As indicated, the BBC’s commitment to multiculturalism, gender equality and antiracism as part of its PSB remit has been criticised in scholarship for its contradictory implementation. For Malik, British television as a key site of modern Britain’s self-representation “continues, in varying degrees and fashions, to resist these [values].”18 But following Ghassan Hage, we note that the BBC’s purportedly progressive representational politics are not so much contradictory but are best understood as inherent features of white nationalist discourses in the modern nation state.19 For Hage, discourses of tolerance and intolerance, or racism and multiculturalism, are not dichotomous but sliding-scale expressions of an assumed right and power to manage the national space from a given rhetorical position.

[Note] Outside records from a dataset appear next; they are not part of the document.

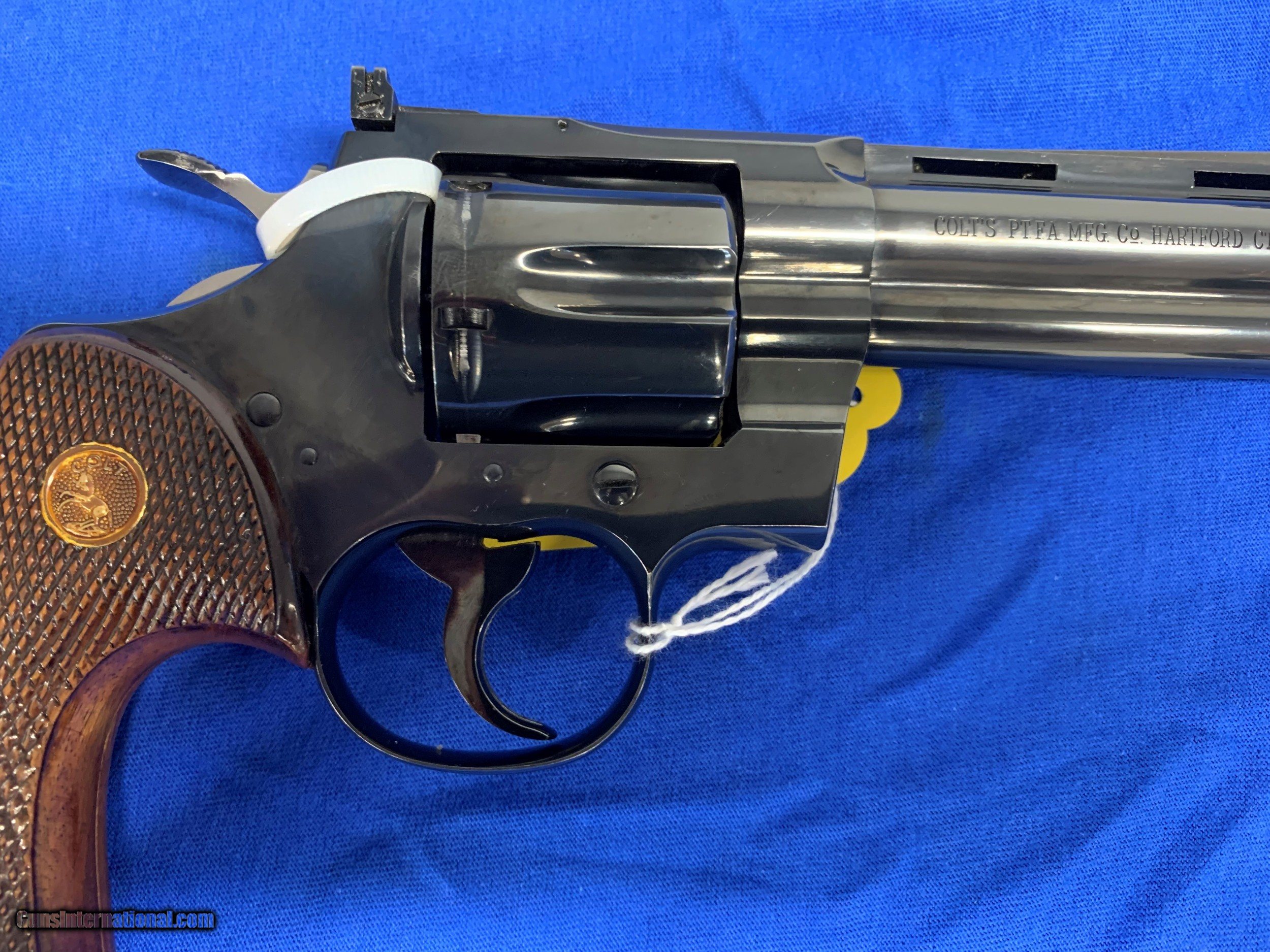 Description: 1959 Colt Python 357 magnum revolver with 6 inch barrel. Slight wear on front of barrel otherwise in excellent condition. SOLD Manufacturer: Colt Model: Python Serial Number: 8482 Barrel Length: 6 inches |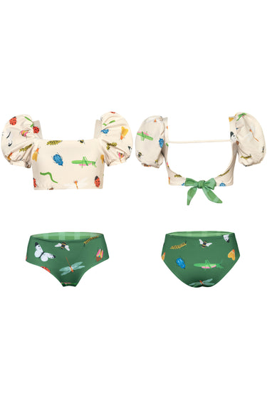 Two-piece bikini with short puff sleeve with a reversible bikini bottom. The fabric has UPF50+ protection factor which means that it acts as a protective shield against the sun’s UV rays. Made in Colombia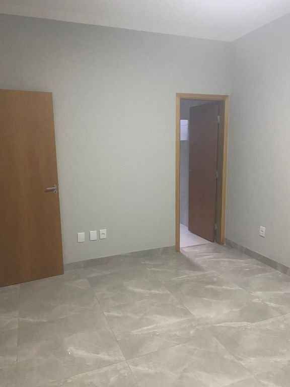 Residencial padrão novo, fino acabamento, pé direito alto, com 3 quartos sendo um suite, sala, cozinha americana, lavanderia, churrasqueira e garagem com portão eletronico.

Since the choice to tolerate others presumes a pre-existing power to not tolerate,
…the difference between those who practise nationalist exclusion and those who practise nationalist inclusion is not one of people committed to exclusion versus people committed to inclusion, but rather one of people with different thresholds of tolerance. It is the discourse of the dominant that transforms this difference of threshold into a difference between tolerant and intolerant because in doing so it mystifies into an essentialist ethical choice (are you or are you not tolerant?) what is a socially determined differential capacity for tolerance.20
In relation to the BBC’s purported embrace of multiculturalism and diversity, the issue is not simply how committed the corporation is to this policy. Rather, what is at stake is that such institutional discourses are part of the project of “realising the national will” to retain management rights of boundaries and limitations of inclusion and exclusion.21 In this case, the BBC’s overt commitment to postcolonial, post-empire anti-racism helps gloss over the simultaneous projection of racist xenophobia onto the figure of the parasitic Eastern European. According to Rzepnikowska, who draws on Sivanandan,22 this is xeno-racism or cultural racism, a process in which nationalist exclusion becomes legitimized by categorising cultural-national difference as “not-quite-whiteness.”23 The notable increase in BBC drama configurations of the Eastern European as contagious, parasitic other, happens in tandem with its increased post-empire, postcolonial tolerance discourse. In its shifting localization of the foreign racialized other, this exposes a continued underlying effort to exercise a national will by maintaining control in the cultural imaginary over who should and should not be tolerated.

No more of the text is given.